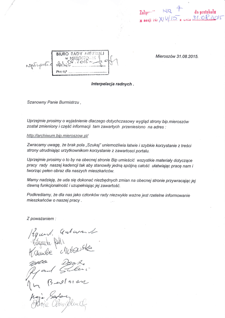 Uprzejmie prosimy o wyjaśnienie dlaczego dotychczasowy wygtąd strony bip.mieroszow
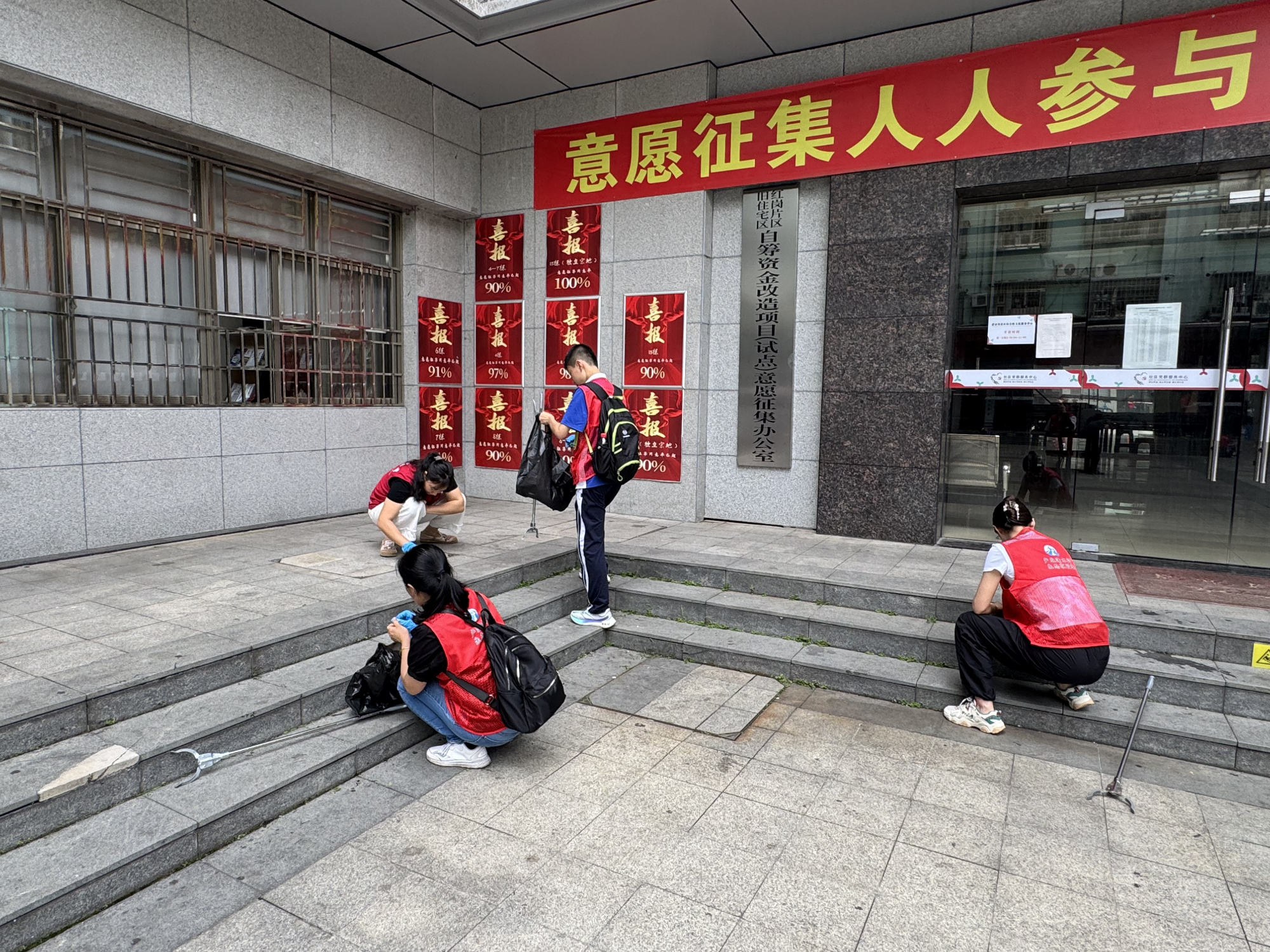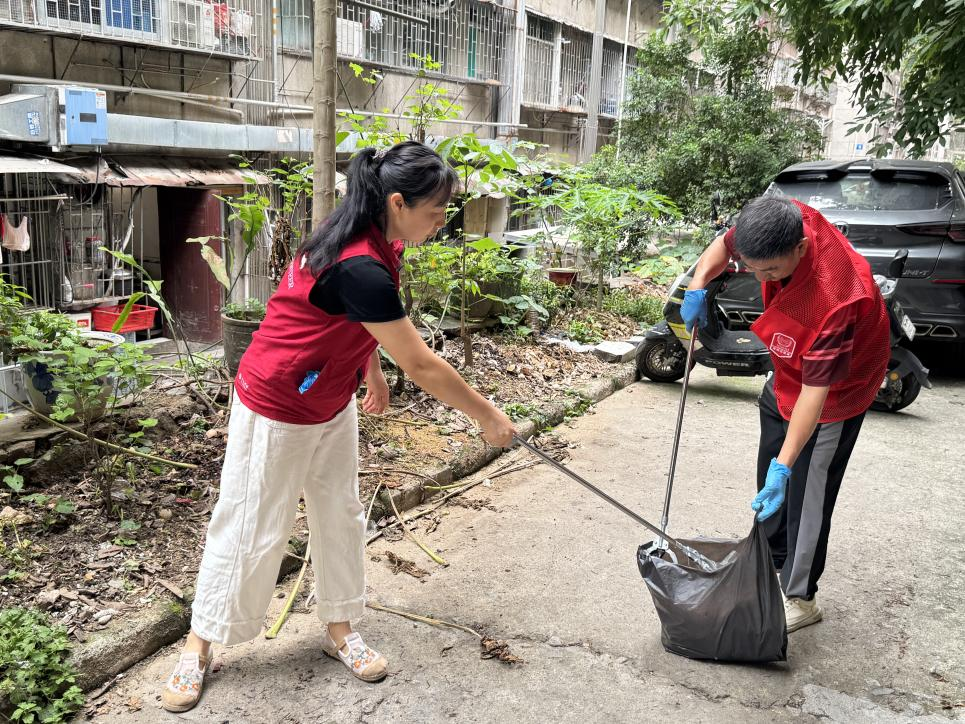 活动中,志愿者们领取清洁工具后分为两组,分别对社区主干道、公共活动区域及周边卫生死角展开清理。活动中,志愿者们手持扫帚、夹钳、垃圾袋等工具,分工明确、配合默契。他们清理路面烟头、落叶及杂物,铲除杂草,并对绿化带内的塑料袋、烟蒂等垃圾进行细致清扫。经过大家的共同努力,社区环境焕然一新。
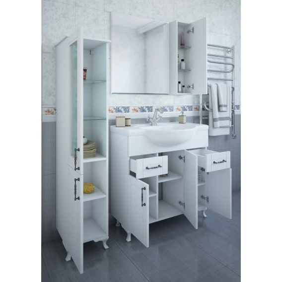 Механизм доводчика, Ящик, Полочка, Ручки, Зеркало-шкаф, Ножки, Тумба под раковину, Раковина
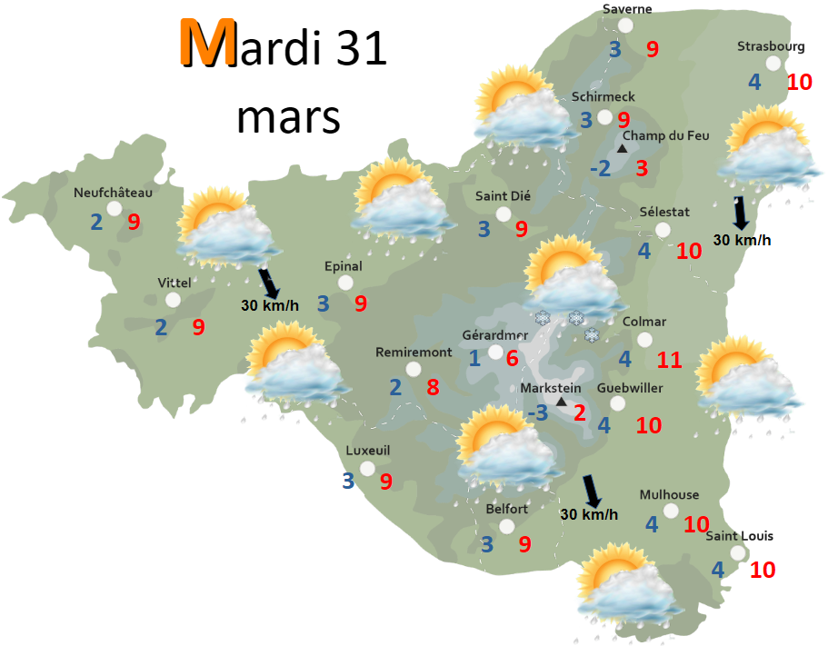 Pour MERCREDI, les conditions continuent de s’améliorer. Après la persistance de rares gouttes ou flocons en matinée, la couverture nuageuse se morcelle et les éclaircies se font de plus en plus belles dans l’après-midi. Les températures sont toujours basses pour la saison et la bise persiste.
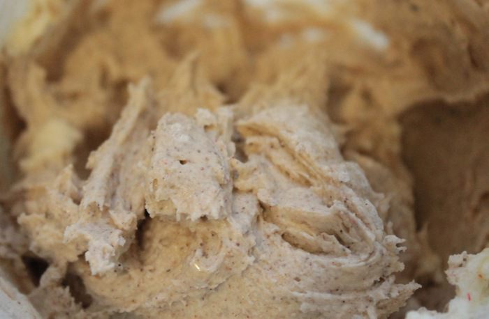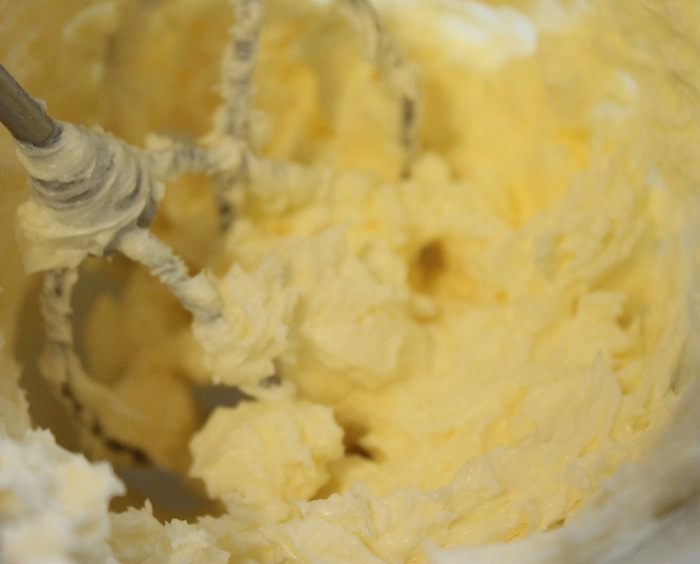 В другой миске взбить масло (обязательно комнатной температуры!) с сахарной пудрой на средней скорости миксера до пышности.
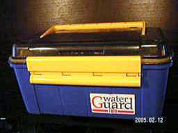 私が使用している防水のタックルボックスです。 ボート上では雨が降ってきたらなす術がないので、非常に助かります。降るたびに袋に入れるのも面倒だし、雨が降っていなくてもシブキでけっこう濡れますので、これは欠かせませんね。 ただし過信は禁物で、横殴りの大雨には耐えません。1晩で3センチぐらい中に水がたまって、仕掛けやカメラが全てパーになった苦い経験があります。 |
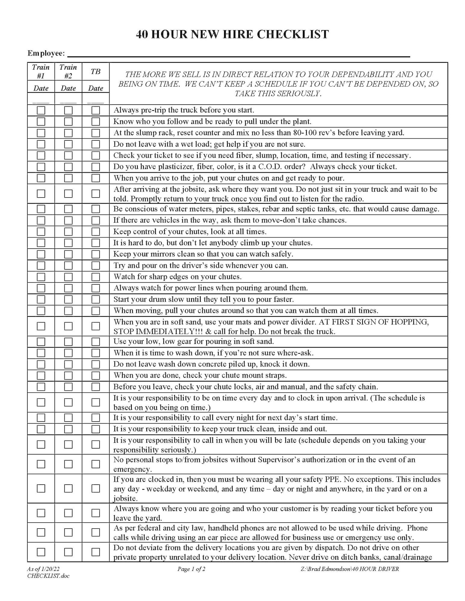- SAFETY & EMPLOYEE FORMS (TO FOLLOW)
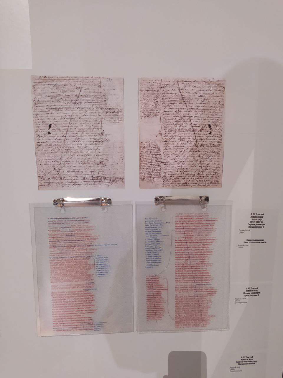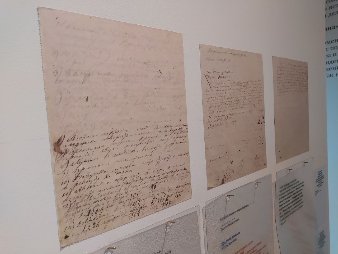 «Рукописи – это не черновики. Это совершенно другие тексты: отброшенные сюжеты и герои, нереализованные мысли, которые преобразовались в другие формы. Если мы будем знать всю эту работу, то, возможно, сможем понять сам текст «Войны и Мира». В нашем зале мы представили некоторые истоки и попытались показать, что мотивировало Толстого на такой гигантский труд — 7 лет работы над произведением», — отмечает экскурсовод.
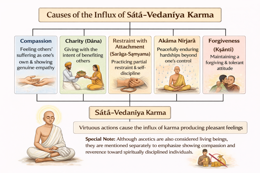 Compassion (anukampā) towards the living-beings (bhūta) in general and the devout (vratī) in particular, charity (dāna), restraint-with-attachment (sarāgasamyama), etc., contemplation on the aforementioned, equanimity (ksānti), and purity (śauca) – freedom-from-greed – lead to the influx (āsrava) of karmas that cause pleasant-feeling (sātā vedanīya).
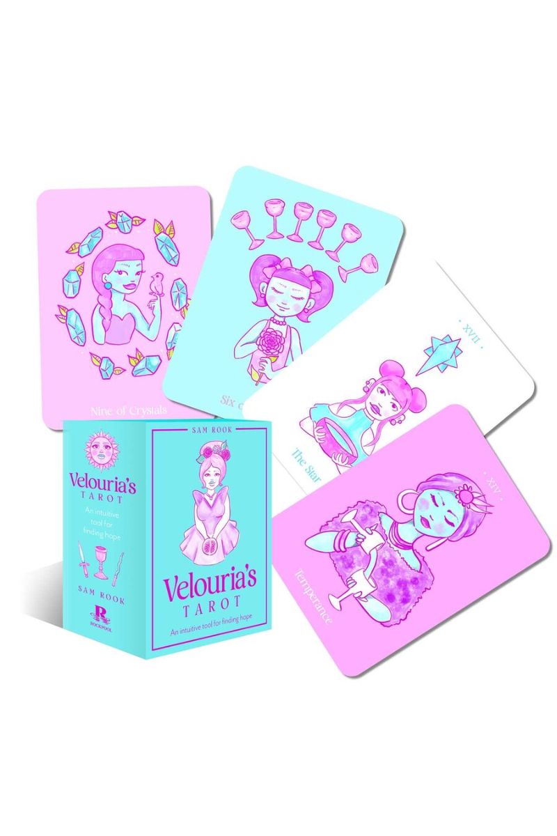 The artist created the deck during a difficult pregnancy and the global pandemic and the artwork reflects her journey of holding on to joy and hope, even during the most difficult of times. Velouria's Tarot's goal is to encourage every reader to use the tarot as a tool of self-improvement, spiritual exploration, through the lens of finding the silver lining in every situation.
----------
_Task to carry out_:
Write the records out once more, exactly as they appear, with no pictures.

_Solution below_:
 Uprzejmie prosimy o wyjaśnienie dlaczego dotychczasowy wygtąd strony bip.mieroszow
 活动中,志愿者们领取清洁工具后分为两组,分别对社区主干道、公共活动区域及周边卫生死角展开清理。活动中,志愿者们手持扫帚、夹钳、垃圾袋等工具,分工明确、配合默契。他们清理路面烟头、落叶及杂物,铲除杂草,并对绿化带内的塑料袋、烟蒂等垃圾进行细致清扫。经过大家的共同努力,社区环境焕然一新。
 Механизм доводчика, Ящик, Полочка, Ручки, Зеркало-шкаф, Ножки, Тумба под раковину, Раковина
 Pour MERCREDI, les conditions continuent de s’améliorer. Après la persistance de rares gouttes ou flocons en matinée, la couverture nuageuse se morcelle et les éclaircies se font de plus en plus belles dans l’après-midi. Les températures sont toujours basses pour la saison et la bise persiste.
 В другой миске взбить масло (обязательно комнатной температуры!) с сахарной пудрой на средней скорости миксера до пышности.
 私が使用している防水のタックルボックスです。 ボート上では雨が降ってきたらなす術がないので、非常に助かります。降るたびに袋に入れるのも面倒だし、雨が降っていなくてもシブキでけっこう濡れますので、これは欠かせませんね。 ただし過信は禁物で、横殴りの大雨には耐えません。1晩で3センチぐらい中に水がたまって、仕掛けやカメラが全てパーになった苦い経験があります。 |
- SAFETY & EMPLOYEE FORMS (TO FOLLOW)
 «Рукописи – это не черновики. Это совершенно другие тексты: отброшенные сюжеты и герои, нереализованные мысли, которые преобразовались в другие формы. Если мы будем знать всю эту работу, то, возможно, сможем понять сам текст «Войны и Мира». В нашем зале мы представили некоторые истоки и попытались показать, что мотивировало Толстого на такой гигантский труд — 7 лет работы над произведением», — отмечает экскурсовод.
 Compassion (anukampā) towards the living-beings (bhūta) in general and the devout (vratī) in particular, charity (dāna), restraint-with-attachment (sarāgasamyama), etc., contemplation on the aforementioned, equanimity (ksānti), and purity (śauca) – freedom-from-greed – lead to the influx (āsrava) of karmas that cause pleasant-feeling (sātā vedanīya).
 The artist created the deck during a difficult pregnancy and the global pandemic and the artwork reflects her journey of holding on to joy and hope, even during the most difficult of times. Velouria's Tarot's goal is to encourage every reader to use the tarot as a tool of self-improvement, spiritual exploration, through the lens of finding the silver lining in every situation.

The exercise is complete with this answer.